Outre cela, les rameurs sont des gens délicieux, intelligents, modestes, et courageux. Et surtout ce sont des athlètes magnifiques, qui produisent un effort insensé, d’une brutalité totalement contradictoire avec le caractère soyeux de leur déplacement sur l’eau. Il n’y a que très peu de disciplines plus exigeantes (la boxe, le cyclisme ?), et peu de sports aussi difficiles sur le plan cardiaque. Et chez eux, pas de chichi, pas de décision d’arbitrage suspecte : tu poses tes fesses dans la caisse, tu attrapes ton bout de bois pour la faire avancer, et pan, on se retrouve dans deux kilomètres.
L’embarcation à rame est probablement le premier moyen de déplacement, puis de transport, utilisé par l’humanité, avant qu’elle ne domestique les équidés. C’est un sport basique, et il faut absolument le protéger et le développer.
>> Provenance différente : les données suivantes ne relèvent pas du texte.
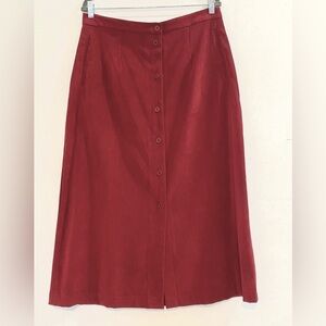 NWT Vintage Lindor Plus Sz 16P Suede Button Front Pockets Burgundy Midi Skirt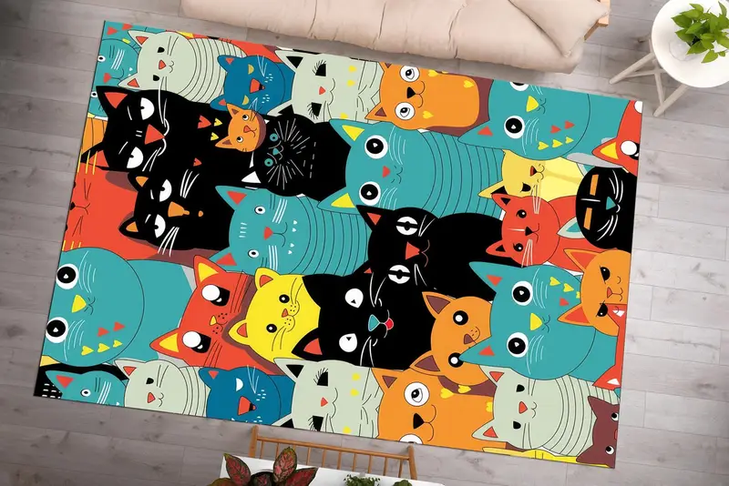 抽象的なカラフルな猫プリントラグ: モダンな動物デザイン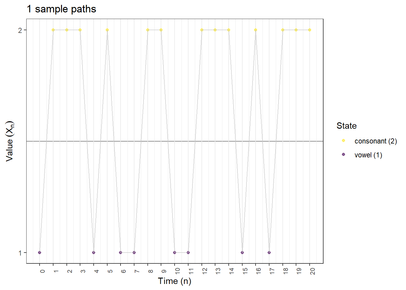 X[n] = sample(states, 1, replace = TRUE, prob = transition_matrix[X[n-1], ])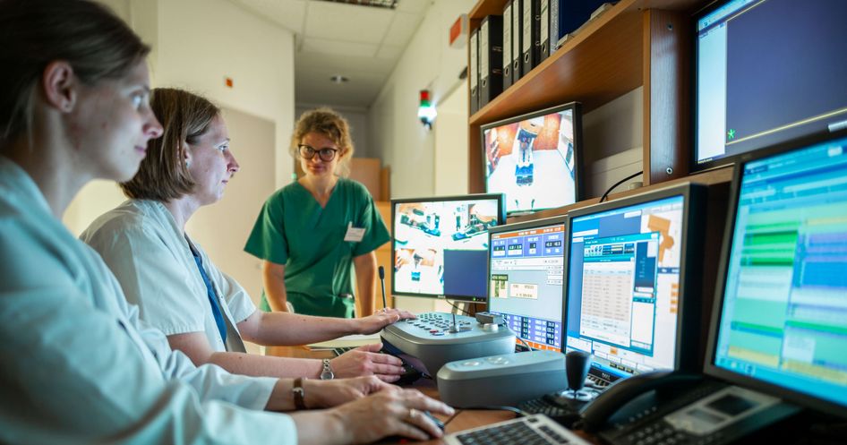 Eine medizinisch-technische Radiologie-Assistentin (MTRA) führt unter Aufsicht eines Facharztes die erste Bestrahlung durch.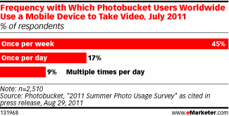 Photoebucket网站的数据显示2010年7月到2011年7月,该网站的数据增加了3倍;2011年7月份,来自移动设备的上传是2010年12月的14倍;通过对网站用户的调研发现,一半的用户每周一次会使用移动设备录像。9%的用户一天会多次这样。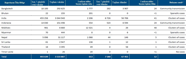 Güney-Doğu Asya, en çok etkilenen ikinci bölgedir ve şu anda küresel olarak son yedi gün içinde yeni bildirilen vakaların ve ölümlerin sırasıyla %28 ve %15'ini oluşturmaktadır. Bölgede, son yedi günde %4'lük bir artışla bildirilen vakalar ve ölümler istikrarlı bir artış göstermiştir (Şekil 7). Vakaların çoğunu hala Hindistan rapor etmektedir ve üç milyonun üzerinde toplam vaka bildirmiştir, bu da tüm bölgesel doğrulanmış vakaların %86'sını oluşturmaktadır (Tablo 6).

Pour préserver les chances des petits gabarits, quelques milliards d’individus sur Terre, devant les armoires qui raflaient toutes les médailles, la Fédération internationale des Sociétés d’Aviron (chic, non ?) a eu l’intelligence de créer la catégorie des poids légers pour les femmes et les hommes. Pour faire une place dans le programme olympique, on a fait disparaître d’autres épreuves de pointe (avec un seul aviron) ou de double, et les épreuves PL (réservée aux poids légers) changent à chaque édition. Ce qui rend les médailles plus précieuses et les rameurs qui les obtiennent encore plus méritants.
Quand on quitte le bord de mer huppé de Rio, devant lequel les rameurs s’affrontent, on arrive dans les salles surchauffées par les cris, où évoluent les boxeurs par exemple. Les écrans TV de France ne les exposent qu’au petit matin blême, à l’heure où ils se lèvent dans leur cité pour partir à l’entraînement, ou celle où ils reviennent se coucher après une nuit de travail. Dans les dix catégories masculines (trois en féminines), quatre boxeurs français sont déjà qualifiés pour les quarts, et d’autres vont sans doute les y rejoindre. Cela promet une brassée de médailles et peut-être la découverte du (ou des) successeur(s) de Brahim Asloum au palmarès olympique de la boxe en France.
Cette discipline rugueuse laisse le public coupé en deux, entre ceux qui trouvent inacceptable de regarder deux adversaires tenter de se détruire, qui ont raison. Et ceux qui disent que la boxe propose un spectacle captivant et impose des règles de comportement loyal aux combattants, qui ont raison aussi. Personne n'est obligé de regarder, il y a aussi du beach-volley.
La boxe professionnelle est en train de disparaître, minée par la corruption qui gangrène depuis des lustres son entourage. Ses magnifiques champions sont le plus souvent des êtres humains tout aussi délicieux et modestes que les rameurs des quartiers chics. Ils font honneur à leur sport, à leur pays et à leurs origines.
La boxe olympique est en train de sauver la discipline, qui voyait ses effectifs partir pratiquer les nouveaux arts martiaux plus sexy. D’abord, elle a accepté d’accueillir les femmes, qui combattent dans trois catégories à Rio. Ensuite, elle forme de bons athlètes, courageux et techniques.
Il ne reste plus qu’à organiser un circuit annuel de galas pour leur permettre de vivre de leur talent, et pour les protéger des intérêts véreux qui ont failli couler la discipline. N’oublions pas que la boxe (alors appelée pancrace) est aussi ancienne que la philosophie et la poésie, et qu’elle a surgi du même terreau.
VIGNETTE
# Argentine et Mexique ont déjà quitté le tournoi olympique de football masculin, qu’ils avaient remporté naguère. Le Brésil a échappé de justesse à ce triste sort, mais il lui faut totalement se débarrasser de la fébrilité qui le saisit quand il joue pour gagner un titre à domicile. Quand on se rappelle que les Brésiliens n’ont jamais été champions olympiques, on réalise aussi que la Nouvelle-Zélande a laissé échapper la première médaille d’or de rugby à VII, ce qui est tout aussi extravagant. Les Fidjiens sont allés se la chercher tout seuls, et leur joie procure autant de plaisir que leur jeu.